Hey logical side are you awake?
Bitch, I might be.
Yeah, I feel you. Insomnia and a puking husband.
However, there’s something I need to work my way through.
You have coffee, right?
Yup. With the Boba Fett Creamer!
Fine, lay it on me.
It’s the Red Witch.
Yes, that has been an ongoing problem, hasn’t it?
I just don’t know what to do. I know that finishing the draft is always preferable, otherwise you get stuck in the “constantly-rewriting-the-beginning” loop.
But you are really thinking about ditching this draft?
Yeah, I am. There’s some huge pacing issues, and I had a great idea for a new opening chapter, because a lot of critiques pointed out that–
Do you have to list your reasons?
Well… yeah… I mean if I’m going to break one of my own writing rules, I should have a damn good reason, right?
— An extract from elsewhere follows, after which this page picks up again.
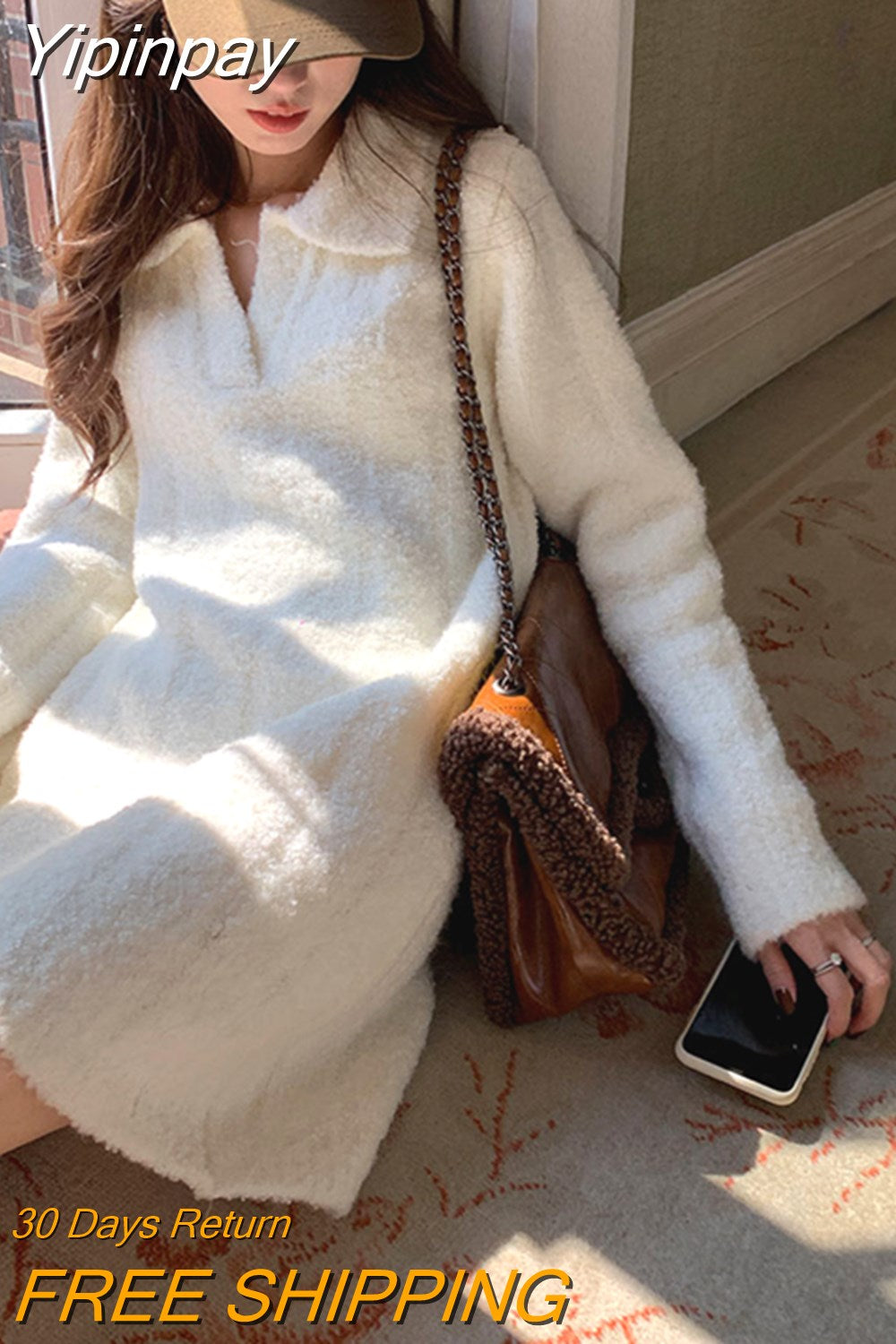 Yipinpay Autumn Knitted Y2k Mini Dress Elegant Sweater Woman Pure Color Korean Fashion Dress Casual Party Long Sleeve Dress Design

You do. Look, you’ve been at this for a while. Two years of self-publishing shorts, four novels written… you know how to write. Yes, the “finish the damn draft” rule is a good one. But you aren’t doing this arbitrarily.
I don’t have an ending, though. Working without an ending means that I can’t actually get the beginning right.
Ignoring that this next draft won’t be your last, yes, you do have an ending. Okay, you don’t have a current ending written out, but you know how this story ends. You have for three years now.
And you have finished two drafts of this novel. You’re simply contemplating revising this draft again.
Yes, but, and this “but” is very important, this is the first huge revisionary draft and I haven’t finished it.
I get that. It’s a big deal. You radically changed some characters and the timeline. You want to see how that changes the ending.
However, are you changing the ending?
The ultimate ending, who lives and who dies? No. No plans on it.
Not just who lives and who dies, but the moral and emotional upheavals the manner of those death create and the lessons the characters learn along the way, do they change?
As far as I can see, no. The biggest changes are how we get there.
But that almost always changes from draft to draft anyway.
The important thing here is that you’re so busy contemplating all the flaws in this current draft you aren’t writing it. You spent last week reading and rereading, but not getting any words down.
Yeah, that really has been bugging me.
You have a lot on your plate. You’re publishing, on top of the monthly flash series, the weekly comic, and the daily writing blog. You’re also gearing up for another story for the Bowman’s Inn. And in the middle of all that, you gave yourself two weeks to work on your novel. So pay attention to your instincts. If you want to write a new opening chapter, then do it. If you want to spend a few days fixing the timeline, have at it. After all, this is supposed to be the working draft, one step closer to a finished product. You have some critiques, and the changes you want are based on them and your own knowledge of storytelling. You are doing exactly what needs to be done.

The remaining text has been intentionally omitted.